To improve execution time,

I doubt that it would.

If you want an alternating (even/odd index) selection, a very low-cost operation is just:

if (index & 1)  
   //perform odd function
else
   //perform even function

I think it is very unlikely that if you used that kind of low-cost selection, that breaking the operation into two kernels would help.

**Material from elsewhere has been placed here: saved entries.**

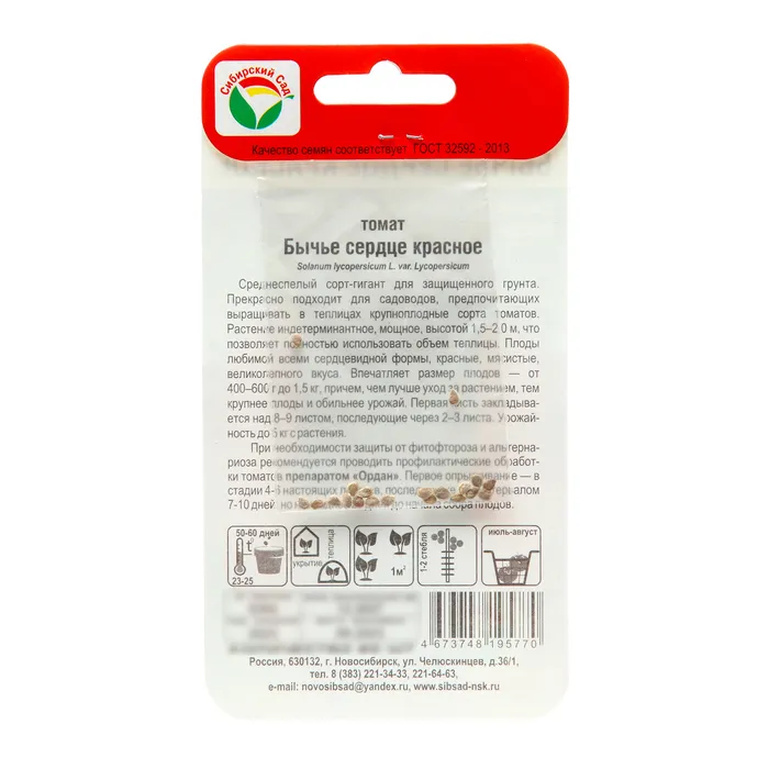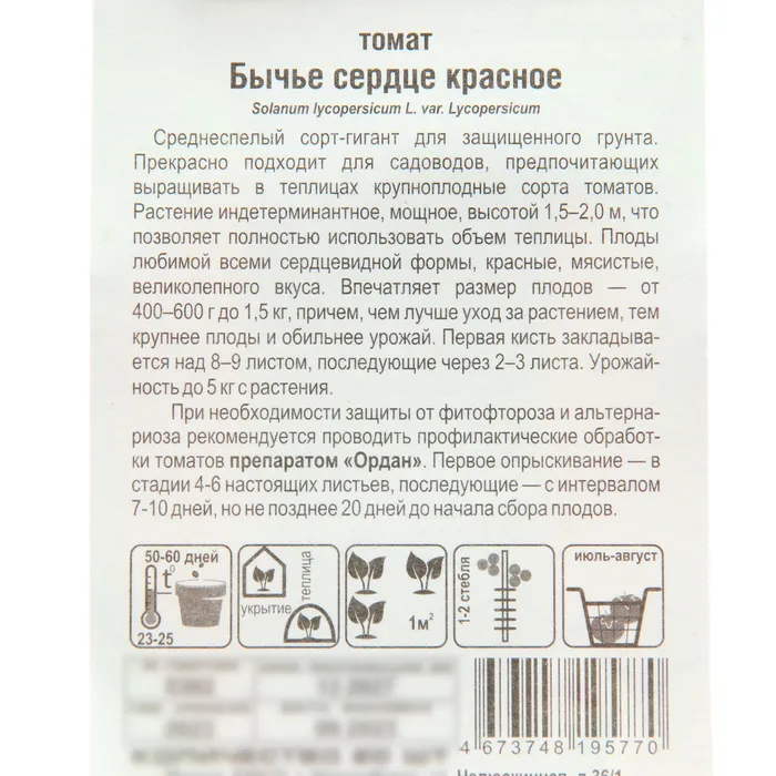 Томат Бычье Сердце - среднеспелый, детерминантный сорт с крупными, мясистыми плодами прекрасного вкуса. От всходов до созревания плодов 105-110 дней. Растение среднерослое. Первое соцветие закладывается над 8-9 листом, последующие - через 1-2 листа. Помидоры сердцевидной формы, красной окраски, без зелёного пятна у плодоножки, гладкие, плотные, многогнёздные, мясистые, массой 180-200 г. Высокая дружность плодоношения. Вкусовые качества плодов отличные. Устойчив к основным болезням. Предназначен для потребления в свежем виде. Томат Бычье Сердце рекомендуется для выращивания открытом грунте на шпалере или в коловой культуре, в плёночных теплицах с формированием в 2 стебля. Схема посадки 70х30 см. Урожайность в открытом грунте 7-9 кг/м2, в пленочных теплицах 10,5-12 кг/м2.
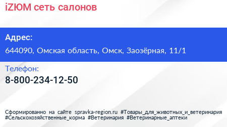 iZЮМ, сеть салонов по адресу 644090, Омская область, Омск, Заозёрная, 11/1 в дальнейшем Организация, размещена в следующих категориях:
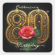 Pegatina Cuadrada Rosa Roja Ornata y Filigrana Dorada Cumpleaños 80
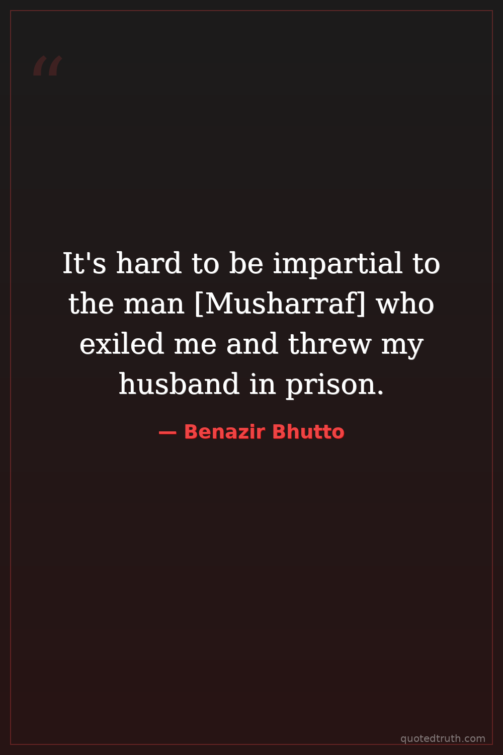 It's hard to be impartial to the man [Musharraf] who exiled me and threw my husband in prison.
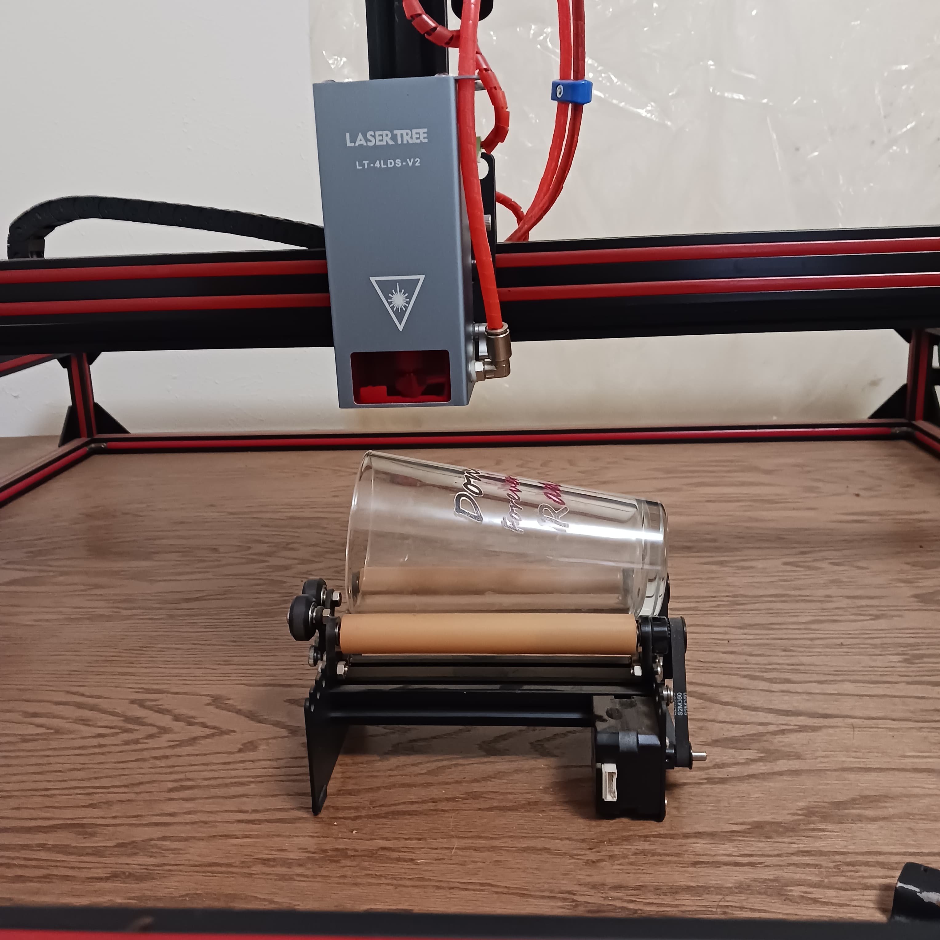 This mm/s is going to be a whole new thing to me. My other, (little), lasers are mm/m. I don’t think I ever burned anything over 1000 mm/m. And now we are talking about HOT RODS !! This is going to be fun ! I just thought of something, 50mm/s is equal to 3000 mm/m. Material defines cutting speeds, blast through balsa wood and crawl through hard wood. One more pic with roller/glass under laser. Right now the bottom of the laser is even with the bottom of the front carriage plate and there is about 1-1/4" space between laser and glass. The actuator can still go up another 1-1/2" and with the laser sliding mount plate, I can get another 2" of height. The glass in pic is 3-1/2" dia. and with another 3-1/2" lift, I can etch up to about 6" dia. glass, tumblers and what not.
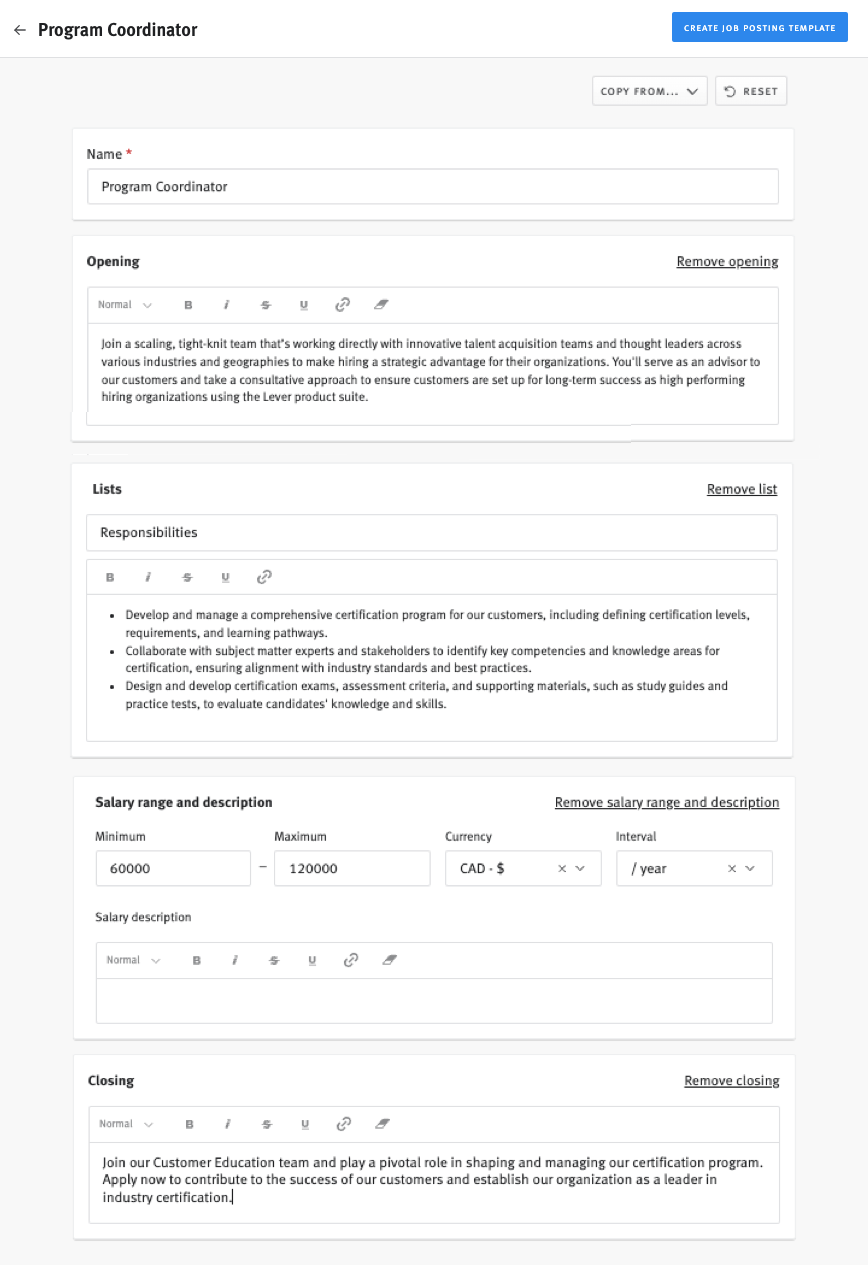 Once your impact description is complete, tun it into a job posting template to quickly draw from in the future. All the hard work you put in up front will save you time in the future. For more information refer to our help article on creating and using job posting templates.
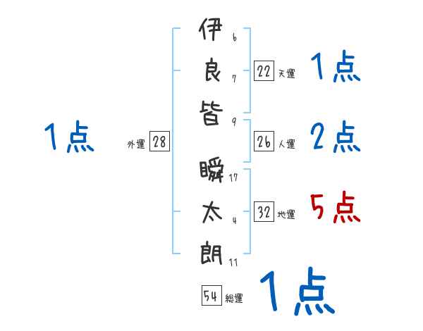伊良皆瞬太朗さんの画数の鑑定結果
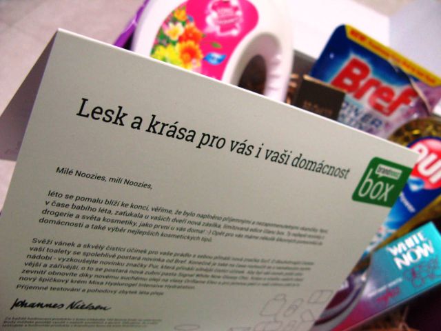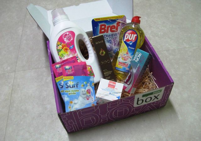 Tentokrát jsme vyzkoušeli třeba novou zubní pastu od Signalu, která zuby vybělí a vyleští, anebo účinný gel na praní s příjemnou tropickou vůní. Vše bylo zabaleno do výjimečně fialové krabice vystlané syntetickou slámou, aby se nic nerozbilo.
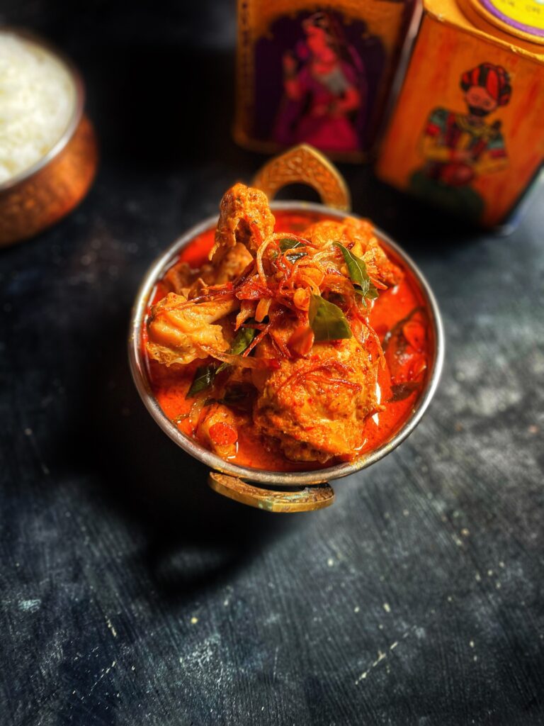 The cooking process is slow and deliberate, allowing the chicken to absorb the flavours of the spice blend fully. The curry develops a thick, luscious consistency that coats each piece beautifully. What truly elevates the dish, however, is the final tempering. Hot ghee infused with fried onions and aromatics is poured over the curry, adding a smoky, savoury finish that enhances every bite.
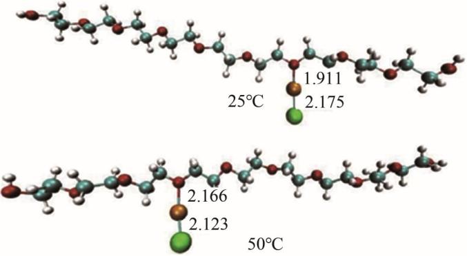 图11 PEG-Cu+-Cl-结构单层灰色—碳原子;白色—氢原子;红色—氧原子;橙色—铜离子;绿色—氯离子
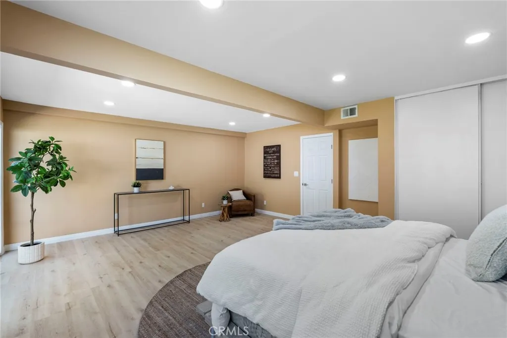 Discover this beautifully remodeled tri-level home in sought-after Granada Hills, offering the perfect blend of modern elegance and family comfort. Boasting 5 spacious bedrooms and 3 updated bathrooms across 2,769 square feet, this residence sits on an expansive nearly 7,500 square foot lot. The inviting living room welcomes you with soaring vaulted ceilings, wood-style flooring throughout, and a charming wood-burning fireplace, seamlessly flowing to a formal dining area highlighted by a custom chandelier—ideal for hosting memorable gatherings. The contemporary kitchen is a chef’s dream, featuring crisp white cabinetry, quartz-style countertops, stainless steel appliances, and a sunlit breakfast nook overlooking the backyard. Upstairs, the luxurious primary suite showcases a remodeled en-suite bath with high-end finishes, modern fixtures, and a walk-in closet, while additional bedrooms and a remodeled hall bath offer flexibility for family, guests, or a home office. Downstairs, an extra-large bedroom with an adjacent full bath is perfectly suited for guests or multi-generational living. Step outside to a private backyard oasis with a spacious tiled patio, wood cover, mature fruit trees, and ample room for entertaining, gardening, or relaxation. Completing this ideal package is a three-car garage with abundant storage, plus easy access to shopping, dining, and transportation. Experience modern comfort, space, and style—make this move-in ready home yours today!
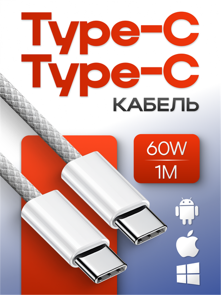 Кабель Type-C Type-C — надежное решение для быстрой зарядки и передачи данных. Этот кабель для айфона подходит для современных устройств с разъемом USB-C, включая телефоны, планшеты и ноутбуки. Провод type c type c обеспечивает высокую скорость и долговечность, что делает его отличным выбором для активных пользователей. Ключевые преимущества: - Мощная зарядка: Провод type c быстрая зарядка поддерживает мощность до 60Вт, сокращая время зарядки. - Скорость передачи данных: Шнур typec позволяет быстро обмениваться файлами между устройствами. - Прочность: Провод для зарядки телефона с нейлоновой оплеткой устойчив к изгибам и повреждениям. - Качественные разъемы: Шнур для айфона с металлическими контактами предотвращает окисление. Особенности: - Нейлоновая оплетка защищает type c кабель от износа. - Усиленные разъемы продлевают срок службы кабеля typec typec. - Провод type c type c 2 метра поддерживает быструю зарядку и передачу данных. - Длина 2 метра обеспечивает удобство использования. Совместимость: - iPhone: 15, 16 (все модели, включая Pro, Pro Max, Plus). - Samsung Galaxy: S20, S21, S22, S23, S24, Z Flip, Z Fold. - Другие устройства: Xiaomi, Huawei, Google Pixel, OnePlus с USB-C. - Планшеты и аксессуары: Подходит для устройств с Type-C. Кабель для самсунг обеспечивает надежность и скорость. Зарядник для айфона идеально подходит для ежедневного использования. Провод macbook удобен для работы и дома. Шнур для зарядки телефона станет вашим незаменимым помощником!
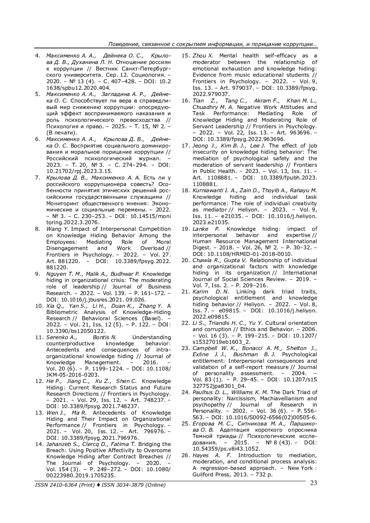 21. Karim D. N. Linking dark triad traits, psychological entitlement and knowledge hiding behavior // Heliyon. - 2022. - Vol. 8, Iss. 7. - e09815. - 10.1016/j.heliyon. 2022.e09815. DOI: 10.1016/j.heliyon.2022.e09815 EDN: THDELW
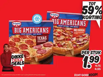 Geniet van de heerlijke Rig Americans, met een krokante buitenkant en zachte binnenkant. Deze diepvriespizza's zijn belegd met BBQ chicken, chicken breast en kaas. Nu verkrijgbaar voor slechts €4.75 per stuk. Profiteer van de dikke deals en ontvang tot wel 59% korting op de totaalprijs. Voor de 1+1 gratis actie geldt 50% korting op de totaalprijs. Haal nu jouw Big Americans Texas pizza's van Dr. Oetker in huis en geniet van echt goedkoop en smaakvol eten. Deze aanbieding is geldig zolang de voorraad strekt, dus wacht niet te lang en bestel vandaag nog jouw Rig Americans. Eet smakelijk!

However if you wanted to do so, it would be fairly simple:

__global__ void even_kernel(float* A, int N)
{
    int i = threadIdx.x*2;    

    if (i < N) {
        float x = A[i];
        x = cosf(sqrtf(x));
        A[i] = x;
    }    
}

__global__ void odd_kernel(float* A, int N)
{
    int i = threadIdx.x*2+1;    

    if (i < N) {
        float x = A[i];
        x = sqrtf(logf(x));
        A[i] = x;
    }    
}

Based on the code you have provided, you could invoke these like so:

int main()
{
    // some code...
    cudaStream_t s1, s2;
    cudaStreamCreate(&s1);
    cudaStreamCreate(&s2);
    // Kernel invocation with N threads
    odd_kernel<<<1, N/2, 0, s1>>>(A, N);
    even_kernel<<<1, N/2, 0, s2>>>(A, N);

    // ...some more code
}

The stream handling isn't really necessary, but for such tiny grids (one block each, N is at most 1024), there might be some small improvement in performance by running them "concurrently".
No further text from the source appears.